━━ Provided records
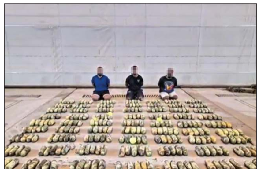
المتهمون الثلاثة وأمامهم المضبوطات من المواد المخدرة
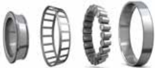
Rodamientos axiales de rodillos cilíndricos
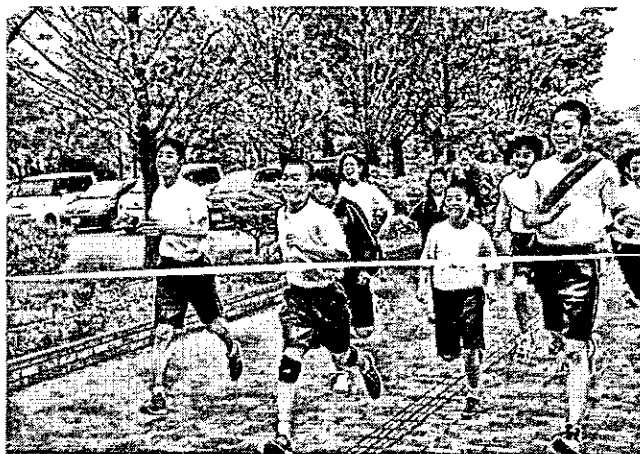
【駅伝マラソン大会 最後のゴール】

○体力テストがありました。どの生徒も各種目の測定担当の先生に、あいさつ等、礼儀正しく接し、一生懸命に各種目に取り組んでいて、感心しました。(5月12日)
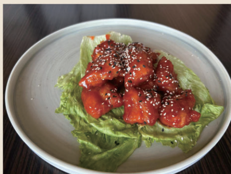
922 CHICKEN IN SALSA COREANA Pollo in salsa agrodolce coreana 9.00€
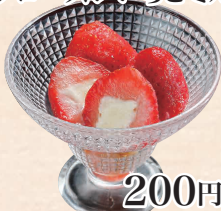
フローズンいちごミルク
━━━━
■ Work to complete: Going from the line that holds "922 CHICKEN IN" to the end of the listing above, copy each line exactly and nothing more, leaving pictures aside.

■ Result for this task:
922 CHICKEN IN SALSA COREANA Pollo in salsa agrodolce coreana 9.00€
フローズンいちごミルク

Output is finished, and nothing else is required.